▸ Given information
────────────────

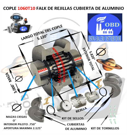 ENVIO GRATIS, ENVIO INMEDIATO DESPUES DE CONFIRMAR EL PAGO DEL PRODUCTO. DIMENSIONES: EXTERIOR 5 13/16″  LARGO 5 1/8”  MAZA 3″   REXNORD FALK STEEL-FLEX NO. 1060T10, 1060T MAZA, 1060T10 CUBIERTA, 1060-T-10 ELEMENTO FLEXIBLE GRID. Ver Ficha Técnica Aquí
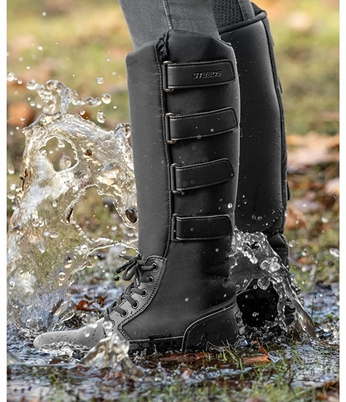 Buty termiczne z wbudowaną izolacją termiczną i nową podszewką z polaru dla jeszcze większego ciepła. Wodoodporna membrana w bucie. Materiał cholewki na wale wykonany z wytrzymałego materiału nylonowego, w obszarze stopy z miękkiego i jednocześnie sprężystego PU. Wzmocnienie łydki po wewnętrznej stronie dla najlepszego trzymania w siodle. Optymalne dopasowanie dzięki sznurowaniu z przodu, czterem rzepom na cholewce. Gumowa podeszwa wykonana z gumy North zapewnia najlepszą przyczepność w strzemionach i na oblodzonych powierzchniach. Uchwyt ostrogi i zintegrowany reflektor.
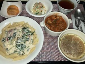 ほうれん草のチーズクリームパスタ、鶏肉の塩麹みそトマト込み、コールスローサラダ、スープ&フルーツ
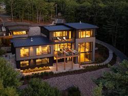 Terrace House stands as a rare architectural achievement, 10,417 sq.ft. of contemporary design envisioned by David Bourque, crafted to a standard seldom seen in Nova Scotia. Built to commercial grade specifications, this estate marries strength, precision, and artistry, setting a benchmark for luxury living. The construction tells its own story of permanence: ICF walls, an aluminum curtain wall system with Solarban 60 glazing, and a standing seam metal roof create a structure designed to endure. Inside, solid white oak beams soften the modern aesthetic, while radiant in-floor heating, including in the triple garage, ensures year-round comfort. Ten discreet ducted cooling units and a fully engineered mechanical system provide silent efficiency without visual interruption. With 6 bedrooms and 8 baths, the home balances intimacy and scale. The main level primary suite is a private retreat, complete with a lounge, double sided fireplace, walk-out patio, walk-in dressing room with laundry, and a striking ensuite anchored by a sculptural concrete tub. Additional bedrooms feature private ensuites, and the thoughtful flow adapts seamlessly to both family living and entertaining. The culinary space elevates daily rituals, offering a commercial grade gas range, dual panel ready JennAir refrigerators, a statement island, and a secondary prep kitchen. In the loft, you'll find a versatile suite with bunk beds, kitchenette, and bath extends the home’s hospitality, while the lower level provides a world of its own with a bedroom, full bath, secret room, wine room, bar, gym, and theatre. Refined finishes, including Emtek hardware, cold rolled steel railings inset with custom glass, Control4 smart automation, and book matched stonework, underscore the home’s craftsmanship. Set on 185 feet of frontage along Grand Lake, the property offers a rare combination of natural serenity and modern convenience, with downtown Halifax and the airport within easy reach.

────────────────

▸ About this exercise
Reproduce all of the data exactly, omitting each picture it holds.

▸ Output of the task
 ENVIO GRATIS, ENVIO INMEDIATO DESPUES DE CONFIRMAR EL PAGO DEL PRODUCTO. DIMENSIONES: EXTERIOR 5 13/16″  LARGO 5 1/8”  MAZA 3″   REXNORD FALK STEEL-FLEX NO. 1060T10, 1060T MAZA, 1060T10 CUBIERTA, 1060-T-10 ELEMENTO FLEXIBLE GRID. Ver Ficha Técnica Aquí
 Buty termiczne z wbudowaną izolacją termiczną i nową podszewką z polaru dla jeszcze większego ciepła. Wodoodporna membrana w bucie. Materiał cholewki na wale wykonany z wytrzymałego materiału nylonowego, w obszarze stopy z miękkiego i jednocześnie sprężystego PU. Wzmocnienie łydki po wewnętrznej stronie dla najlepszego trzymania w siodle. Optymalne dopasowanie dzięki sznurowaniu z przodu, czterem rzepom na cholewce. Gumowa podeszwa wykonana z gumy North zapewnia najlepszą przyczepność w strzemionach i na oblodzonych powierzchniach. Uchwyt ostrogi i zintegrowany reflektor.
 ほうれん草のチーズクリームパスタ、鶏肉の塩麹みそトマト込み、コールスローサラダ、スープ&フルーツ
 Terrace House stands as a rare architectural achievement, 10,417 sq.ft. of contemporary design envisioned by David Bourque, crafted to a standard seldom seen in Nova Scotia. Built to commercial grade specifications, this estate marries strength, precision, and artistry, setting a benchmark for luxury living. The construction tells its own story of permanence: ICF walls, an aluminum curtain wall system with Solarban 60 glazing, and a standing seam metal roof create a structure designed to endure. Inside, solid white oak beams soften the modern aesthetic, while radiant in-floor heating, including in the triple garage, ensures year-round comfort. Ten discreet ducted cooling units and a fully engineered mechanical system provide silent efficiency without visual interruption. With 6 bedrooms and 8 baths, the home balances intimacy and scale. The main level primary suite is a private retreat, complete with a lounge, double sided fireplace, walk-out patio, walk-in dressing room with laundry, and a striking ensuite anchored by a sculptural concrete tub. Additional bedrooms feature private ensuites, and the thoughtful flow adapts seamlessly to both family living and entertaining. The culinary space elevates daily rituals, offering a commercial grade gas range, dual panel ready JennAir refrigerators, a statement island, and a secondary prep kitchen. In the loft, you'll find a versatile suite with bunk beds, kitchenette, and bath extends the home’s hospitality, while the lower level provides a world of its own with a bedroom, full bath, secret room, wine room, bar, gym, and theatre. Refined finishes, including Emtek hardware, cold rolled steel railings inset with custom glass, Control4 smart automation, and book matched stonework, underscore the home’s craftsmanship. Set on 185 feet of frontage along Grand Lake, the property offers a rare combination of natural serenity and modern convenience, with downtown Halifax and the airport within easy reach.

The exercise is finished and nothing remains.